Я вылетел наружу как раз, когда он неторопливо, с достоинством сползал наземь.
— Кто тут? — спросил он. — Ну-ка иди сюда, я гляну!
— Это Ходж, — сказал я. — Позвольте, я вам помогу.
— Ходж! Друган! Сто лет не видал!
Он заходил в магазин накануне.
— Уж-жас что стряслось, Ходж. Ехал, правил. Выпал. Из фургона выпал, понял?
— Конечно, понял. Позвольте я займусь лошадью. Мистер Тисс ждет вас.
— Надо ж такому случиться, — бормотал он, — улучиться… отличиться… Выпал!
Тисс взял его за локоть.
— Пойдем со мной, отдохнешь немножко. Ходжинс, начинай грузить. Сегодня повезешь ты.
Душа моя созрела для бунта. Зачем мне залезать еще глубже? Он не имеет права этого требовать; я должен отказаться просто из чувства самосохранения.
— Мистер Тисс…
— Да?
Через две недели я буду свободен, но ничто на свете не заставит меня забыть, чем я обязан Тиссу.
— Нет, ничего, — пробормотал я и поднял первый ящик.
8. ЖЕСТОКИЕ ВРЕМЕНА
Тисс дал мне адрес; ехать надо было на Двадцать шестую улицу.
— Фамилия — Спровис.
— Хорошо, — ответил я невозмутимо. Чего мне мне эта невозмутимость стоила!
— Пусть сами разгрузят. В фургоне я видел полную торбу; будет славно, если ты успеешь покормить лошадь.
— Ладно.
— Они погрузят кое-что взамен, и вы завезете это, куда они скажут. Потом отведешь фургон на платную конюшню. Вот деньги на ужин и на обратную дорогу.

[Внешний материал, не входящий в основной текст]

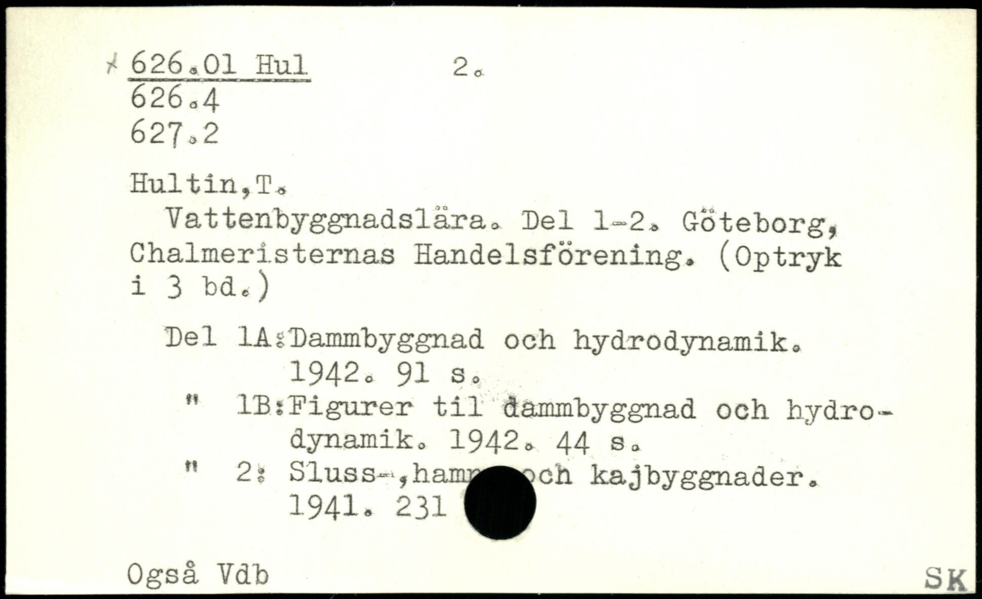 Vattenbyggnadslära<> Hel 1-2, Göteborg, Ghalmeristernas Handelsförening. (Optryk i 3 bd.) Hel lAgHammbyggnad och hydrodynamik. 1942
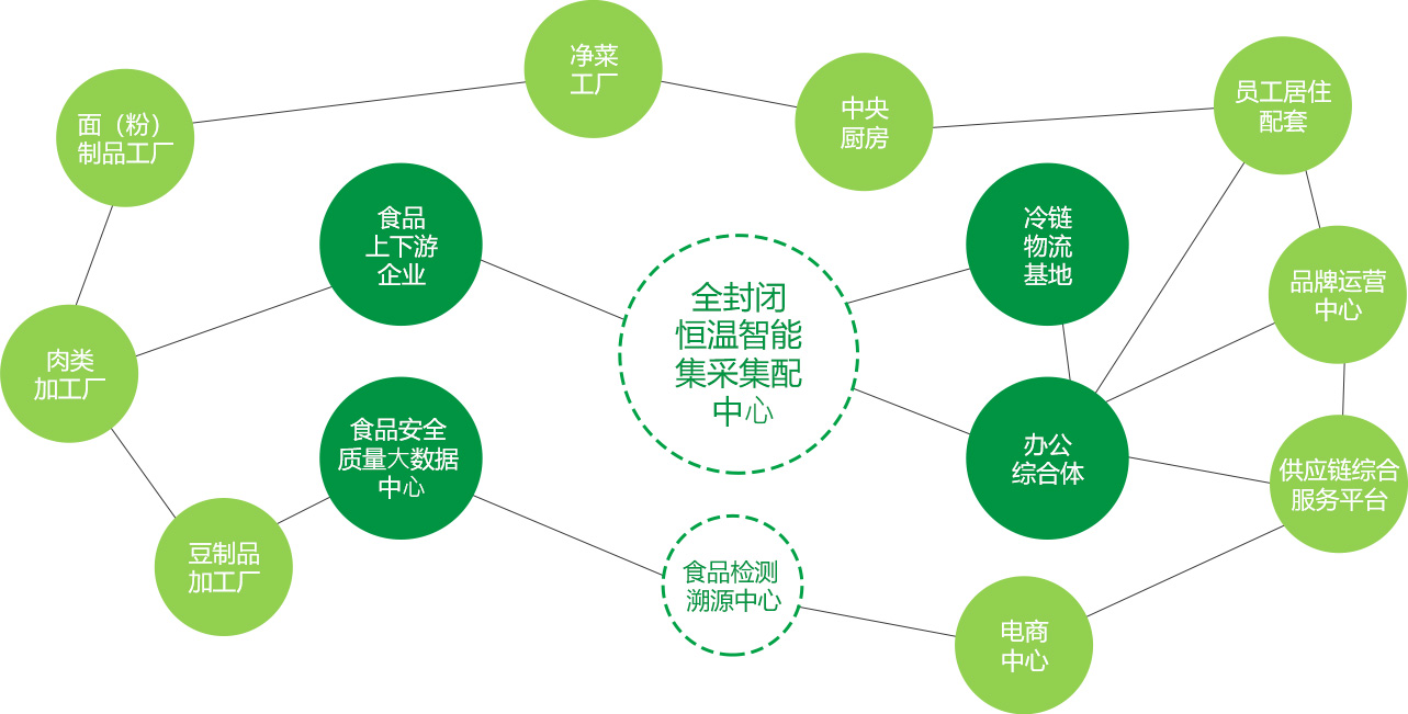 樂禾食品科技產業園定位為建立一個由政府、消費端、企業三方監管的從農田到餐桌的食安保障基地,服務當地學校、機關事業單位、部隊、企業等單位以及居民菜籃子,徹底解決食品安全問題;并以食材配送帶動當地一產、二產、三產融合。

Он подумал обо всем, с болью отметил я. Только не о том, что мне совершенно не к чему участвовать в их делах.
Я неторопливо ехал по опустевшим улицам, а возмущение мое росло и росло. Отчасти его усиливала постоянная боязнь, что из-за какого-нибудь непредсказуемого пустяка меня остановит полиция — и сразу догадается обо всем. Но почему меня должны остановить?
Но зачем Великая Армия подделывает испанские песеты?
На широкой, тускло освещенной улице я нашел нужный адрес не без труда. То оказался один из четырехэтажных оштукатуренных домов, построенных лет сто назад; вряд ли его отремонтировали с тех пор. У мистера Спровиса, занимавшего цокольный этаж, одно ухо было заметно длиннее другого — эту странность я мог объяснить лишь привычкой тянуть себя за мочку. Он, как и все остальные, вышедшие с ним разгружать фургон носили столь любимую воинами Великой Армии бороду.
— Я приехал вместо Пон…
— Никаких имен, — прорычал Спровис. — Так слышишь? Никаких!
— Хорошо. Мне сказали, вы разгрузите, что я привез, и что-то погрузите снова.
— Д-да.
Я набросил лямки торбы на уши лошади и двинулся к Восьмой авеню.
— Эй! Ты куда это?
— Перекусить. А в чем дело?
Он посмотрел на меня с недоверием.
— Нет, ничего. Но не заставляй нас ждать, понял? Минут через двадцать сможем ехать.
Мне не понравился мистер Спровис. В закусочной-автомате, где хитроумный механизм выдавал порции стоило опустить монетку в прорезь, я накинулся на рыбу с картофелем. Но удовольствия от того, что хоть на сей раз я увернулся от осточертевших хлеба и сердца, было испорчено мыслями об этом подозрительном разноухом. А ведь даже в самом лучшем случае я находился сейчас лишь посредине своего ночного пути. Что грузят в фургон Спровис и его помощники, я понятия не имел. Но знал наверняка: власти за такой груз по головке не погладят.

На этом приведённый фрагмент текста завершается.